I want to retrieve the HTML of all published articles on the site that has the following llms.txt published.
Please generate a CLI script that uses curl and xargs for parallel processing, implemented within the allowed limits for efficient retrieval time.
<llms.txt>
(omitted)
</llms.txt>
Response Content
We confirmed that ChatGPT-4o could read the following site policies from llms.txt:
Maximum parallelism: 3 (x-concurrency-limit)
Rate limit: 60 requests/60 seconds (1 request per second)
Retry: Exponential backoff for 5xx series (maximum 5 times)
Wait 60 seconds for 429 (Too Many Requests), skip without retrying
Do not retry 403, 404, 429

Script
The generated script was able to retrieve a list of monthly sitemap URLs from the correct sitemap (XML) URL.
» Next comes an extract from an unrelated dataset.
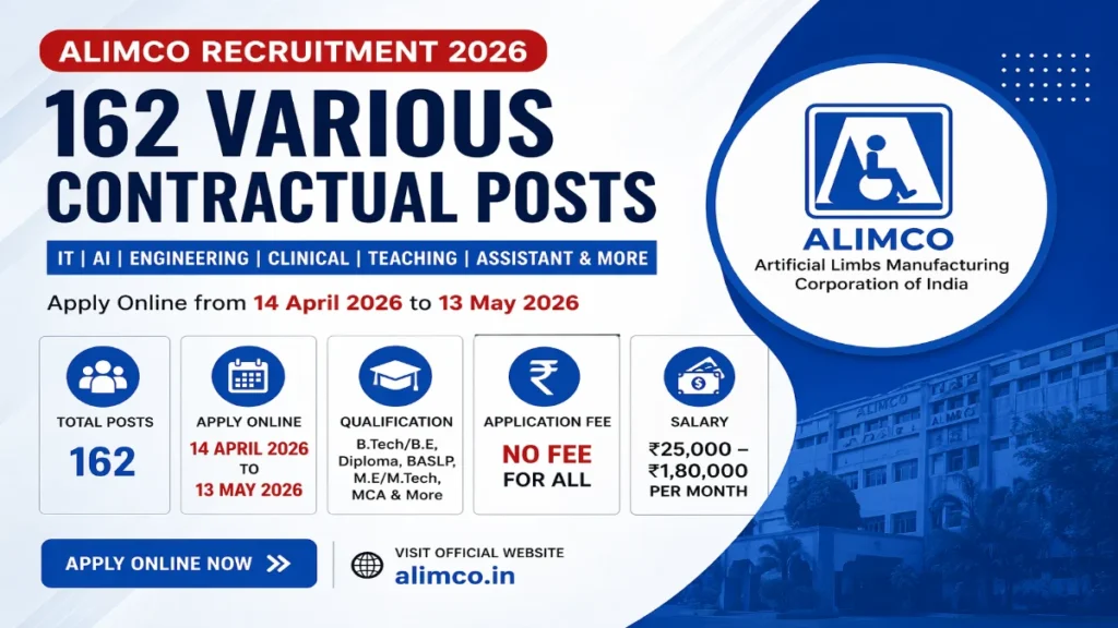 Short Information: The Artificial Limbs Manufacturing Corporation of India (ALIMCO) has released the official notification for the recruitment of Junior Manager, Officer, IT, AI, Clinical and Various Posts on a contractual basis. Eligible candidates can apply online from 14 April 2026 to 13 May 2026 through the official website alimco.in.

In the article retrieval process using curl, when an error occurs, it judges the HTTP status code and only retries if it's a 5xx server error.
The article retrieval with curl included a mechanism to only retry if the HTTP response is a 5XX server error.

Using xargs for parallel processing, it was controlled not to exceed the maximum parallelism (3) specified in llms.txt.

We confirmed that a script that controls the number of simultaneous requests was generated.
Summary
The llms.txt (Large Language Model Specifications) introduced here is not standardized as of 2025, but it is considered an effective approach for coexistence with AI crawlers in the future.
We plan to continue optimizing while measuring the effectiveness of this configuration and monitoring future standardization trends.
If you operate a public website that accepts AI access, we recommend providing information about your site's structure, crawling policy, and content usage as llms.txt to crawlers to suppress inefficient crawling.
Also, when using web services outside your organization as information sources for local LLMs or RAG initiatives, or when directly using content, we strongly recommend checking for the presence of "llms.txt" along with site policies, and if specific instructions regarding crawling or content usage are stated in llms.txt, following those instructions.